Task objective
Print the whole listing exactly.

Information provided
-- Opening Marker --
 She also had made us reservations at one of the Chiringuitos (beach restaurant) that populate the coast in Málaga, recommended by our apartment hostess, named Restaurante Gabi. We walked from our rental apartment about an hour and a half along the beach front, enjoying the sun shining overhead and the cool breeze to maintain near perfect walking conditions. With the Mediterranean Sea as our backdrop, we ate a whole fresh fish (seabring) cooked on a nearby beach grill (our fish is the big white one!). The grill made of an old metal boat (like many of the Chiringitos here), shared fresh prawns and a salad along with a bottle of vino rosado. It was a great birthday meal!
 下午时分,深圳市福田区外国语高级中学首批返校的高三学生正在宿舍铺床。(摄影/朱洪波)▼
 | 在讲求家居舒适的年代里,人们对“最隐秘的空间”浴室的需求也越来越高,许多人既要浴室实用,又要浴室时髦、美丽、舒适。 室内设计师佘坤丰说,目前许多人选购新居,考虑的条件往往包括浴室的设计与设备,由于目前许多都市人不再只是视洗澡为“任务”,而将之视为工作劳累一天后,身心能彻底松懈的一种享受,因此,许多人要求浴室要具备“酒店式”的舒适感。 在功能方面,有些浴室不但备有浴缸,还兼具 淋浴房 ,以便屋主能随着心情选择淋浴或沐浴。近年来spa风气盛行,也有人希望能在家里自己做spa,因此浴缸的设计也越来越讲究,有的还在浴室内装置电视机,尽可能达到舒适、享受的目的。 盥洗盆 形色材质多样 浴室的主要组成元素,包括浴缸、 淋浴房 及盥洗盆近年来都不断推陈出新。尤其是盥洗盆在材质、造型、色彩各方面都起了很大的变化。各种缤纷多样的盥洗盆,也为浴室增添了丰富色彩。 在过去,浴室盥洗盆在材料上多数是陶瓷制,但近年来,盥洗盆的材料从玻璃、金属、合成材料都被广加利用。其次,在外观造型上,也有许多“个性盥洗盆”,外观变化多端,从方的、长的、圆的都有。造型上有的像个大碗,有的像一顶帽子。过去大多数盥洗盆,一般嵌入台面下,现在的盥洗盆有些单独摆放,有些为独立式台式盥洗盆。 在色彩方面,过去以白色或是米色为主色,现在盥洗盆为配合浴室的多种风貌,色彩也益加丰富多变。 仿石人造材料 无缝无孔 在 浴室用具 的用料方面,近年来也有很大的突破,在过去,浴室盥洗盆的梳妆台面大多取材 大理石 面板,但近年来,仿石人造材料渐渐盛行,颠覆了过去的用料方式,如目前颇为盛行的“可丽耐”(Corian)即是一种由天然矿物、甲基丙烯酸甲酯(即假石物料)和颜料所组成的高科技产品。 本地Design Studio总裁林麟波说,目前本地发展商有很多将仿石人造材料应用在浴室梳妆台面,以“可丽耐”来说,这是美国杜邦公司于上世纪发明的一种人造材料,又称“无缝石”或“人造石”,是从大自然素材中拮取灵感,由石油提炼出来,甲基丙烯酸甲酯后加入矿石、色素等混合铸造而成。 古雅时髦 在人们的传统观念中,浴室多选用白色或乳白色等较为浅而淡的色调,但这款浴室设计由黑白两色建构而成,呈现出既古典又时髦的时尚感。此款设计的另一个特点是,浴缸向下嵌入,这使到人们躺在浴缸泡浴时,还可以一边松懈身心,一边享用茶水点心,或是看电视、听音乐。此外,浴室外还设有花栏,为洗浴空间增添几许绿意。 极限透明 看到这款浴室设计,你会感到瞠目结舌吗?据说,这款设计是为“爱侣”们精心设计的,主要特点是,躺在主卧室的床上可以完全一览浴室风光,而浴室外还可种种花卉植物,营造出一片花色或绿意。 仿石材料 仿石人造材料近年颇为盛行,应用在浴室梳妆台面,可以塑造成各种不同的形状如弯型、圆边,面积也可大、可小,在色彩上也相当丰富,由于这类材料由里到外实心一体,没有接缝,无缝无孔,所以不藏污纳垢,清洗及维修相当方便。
-- Closing Marker --
Reply to the task
 She also had made us reservations at one of the Chiringuitos (beach restaurant) that populate the coast in Málaga, recommended by our apartment hostess, named Restaurante Gabi. We walked from our rental apartment about an hour and a half along the beach front, enjoying the sun shining overhead and the cool breeze to maintain near perfect walking conditions. With the Mediterranean Sea as our backdrop, we ate a whole fresh fish (seabring) cooked on a nearby beach grill (our fish is the big white one!). The grill made of an old metal boat (like many of the Chiringitos here), shared fresh prawns and a salad along with a bottle of vino rosado. It was a great birthday meal!
 下午时分,深圳市福田区外国语高级中学首批返校的高三学生正在宿舍铺床。(摄影/朱洪波)▼
 | 在讲求家居舒适的年代里,人们对“最隐秘的空间”浴室的需求也越来越高,许多人既要浴室实用,又要浴室时髦、美丽、舒适。 室内设计师佘坤丰说,目前许多人选购新居,考虑的条件往往包括浴室的设计与设备,由于目前许多都市人不再只是视洗澡为“任务”,而将之视为工作劳累一天后,身心能彻底松懈的一种享受,因此,许多人要求浴室要具备“酒店式”的舒适感。 在功能方面,有些浴室不但备有浴缸,还兼具 淋浴房 ,以便屋主能随着心情选择淋浴或沐浴。近年来spa风气盛行,也有人希望能在家里自己做spa,因此浴缸的设计也越来越讲究,有的还在浴室内装置电视机,尽可能达到舒适、享受的目的。 盥洗盆 形色材质多样 浴室的主要组成元素,包括浴缸、 淋浴房 及盥洗盆近年来都不断推陈出新。尤其是盥洗盆在材质、造型、色彩各方面都起了很大的变化。各种缤纷多样的盥洗盆,也为浴室增添了丰富色彩。 在过去,浴室盥洗盆在材料上多数是陶瓷制,但近年来,盥洗盆的材料从玻璃、金属、合成材料都被广加利用。其次,在外观造型上,也有许多“个性盥洗盆”,外观变化多端,从方的、长的、圆的都有。造型上有的像个大碗,有的像一顶帽子。过去大多数盥洗盆,一般嵌入台面下,现在的盥洗盆有些单独摆放,有些为独立式台式盥洗盆。 在色彩方面,过去以白色或是米色为主色,现在盥洗盆为配合浴室的多种风貌,色彩也益加丰富多变。 仿石人造材料 无缝无孔 在 浴室用具 的用料方面,近年来也有很大的突破,在过去,浴室盥洗盆的梳妆台面大多取材 大理石 面板,但近年来,仿石人造材料渐渐盛行,颠覆了过去的用料方式,如目前颇为盛行的“可丽耐”(Corian)即是一种由天然矿物、甲基丙烯酸甲酯(即假石物料)和颜料所组成的高科技产品。 本地Design Studio总裁林麟波说,目前本地发展商有很多将仿石人造材料应用在浴室梳妆台面,以“可丽耐”来说,这是美国杜邦公司于上世纪发明的一种人造材料,又称“无缝石”或“人造石”,是从大自然素材中拮取灵感,由石油提炼出来,甲基丙烯酸甲酯后加入矿石、色素等混合铸造而成。 古雅时髦 在人们的传统观念中,浴室多选用白色或乳白色等较为浅而淡的色调,但这款浴室设计由黑白两色建构而成,呈现出既古典又时髦的时尚感。此款设计的另一个特点是,浴缸向下嵌入,这使到人们躺在浴缸泡浴时,还可以一边松懈身心,一边享用茶水点心,或是看电视、听音乐。此外,浴室外还设有花栏,为洗浴空间增添几许绿意。 极限透明 看到这款浴室设计,你会感到瞠目结舌吗?据说,这款设计是为“爱侣”们精心设计的,主要特点是,躺在主卧室的床上可以完全一览浴室风光,而浴室外还可种种花卉植物,营造出一片花色或绿意。 仿石材料 仿石人造材料近年颇为盛行,应用在浴室梳妆台面,可以塑造成各种不同的形状如弯型、圆边,面积也可大、可小,在色彩上也相当丰富,由于这类材料由里到外实心一体,没有接缝,无缝无孔,所以不藏污纳垢,清洗及维修相当方便。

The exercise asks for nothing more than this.